Martin Kettle 

Daniel Barenboim

Royal Festival Hall, London
  
  


Moved, one sensed, by personal as well as musical admiration, the Festival Hall audience gave Barenboim a prolonged welcome before he even played a note. There was a time, 30 years ago or more, when every week on the South Bank seemed to hold a Barenboim appearance. These days, though, his piano recitals are rare and very special. Barenboim is 60 now, but the artistry is more imposing than ever.

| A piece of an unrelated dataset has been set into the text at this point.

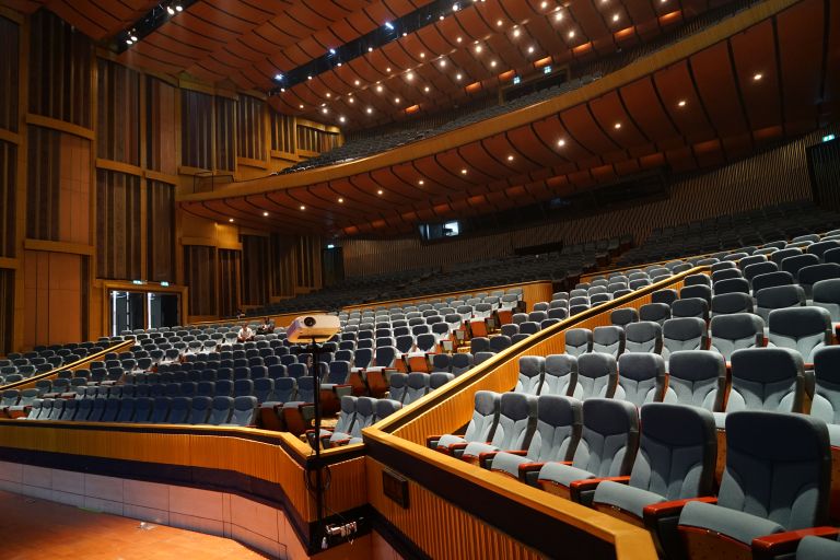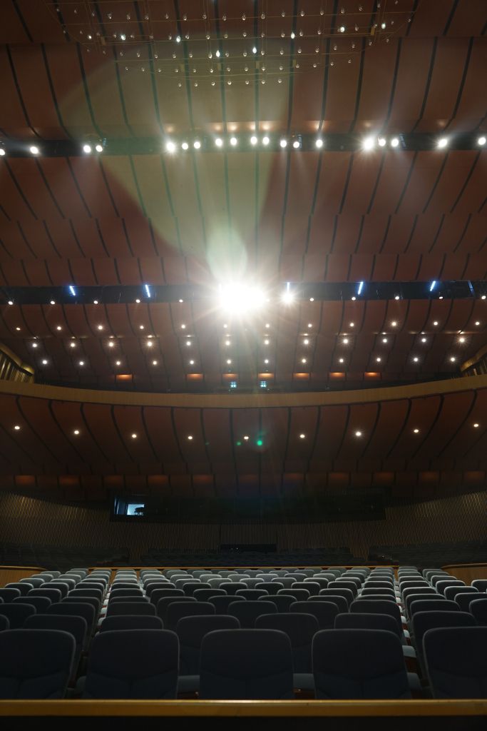 ส่วนบริเวณที่นั่งชม จะใช้แสง วอมไลท์ เพื่อให้ผู้ชมรู้สึกผ่อนคลายและสบายตา เวลาที่เริ่มจัดแสดงงานก็สามารถลดความสว่างลง เพื่อให้ผู้ชม สนใจบน เวที่ได้ ซึ่งหลอดไฟที่ใช้ บริเวณที่นั่งเป็นหลอดไฟที่กระจายแสงได้ดี ทำให้ผู้ชมไม่แสบตา ในเวลาปรับแสง และ ความสว่างบริเวณทางเดิน จะมีแสงที่มากกว่า ที่นั่งชมเพื่อ ลด อุบัติเหต ในการสัญจร

The opening Allegro of Mozart's C major Sonata K330 perhaps took a little time to settle. But the confident pulse of the playing, always a Barenboim strength, was perfectly judged, and the mastery of dynamics was more controlled than in his youth. In the best recitals, there is a magic moment when the whole hall feels gripped by the simplest and quietest phrase and by the silence that surrounds it. Such a moment came early, in the pianissimo middle section of Barenboim's spacious account of the slow movement. From that moment on, the evening's playing grew ever richer and more rewarding.

The tyro Barenboim's Beethoven may occasionally have seemed a trifle glib. But you could not say that now. His account of the opening of the Appassionata sonata had all the physical weight that one could want, but again it was the inwardness of the playing in the slow movement that made the deepest impression. Each variation in this Andante seemed to hang suspended in the air, before exploding into a blistering account of the final Presto.

If these were fine, then Barenboim's playing of the four Liszt pieces that comprised the second half of his programme was, if anything, finer still. It was inspired programming to put together the three Petrarch sonnet-derived pieces, along with the so-called Dante sonata from the Italian book of the Années de Pélerinage. These were originally a virtuoso's compositions, but the ageing Liszt constantly refined and deepened them into some of the most profound meditations in keyboard literature. The ageing Barenboim responded to them in just the same way. There was, of course, plenty of fiendish digital difficulty, thrown off with appropriate panache, especially in the dramatic Dante-inspired piece. But it was the solemn, spacious, even Arrau-like spirit in which Barenboim approached the Petrarch pieces that will provide the most lasting memory of a rewarding recital.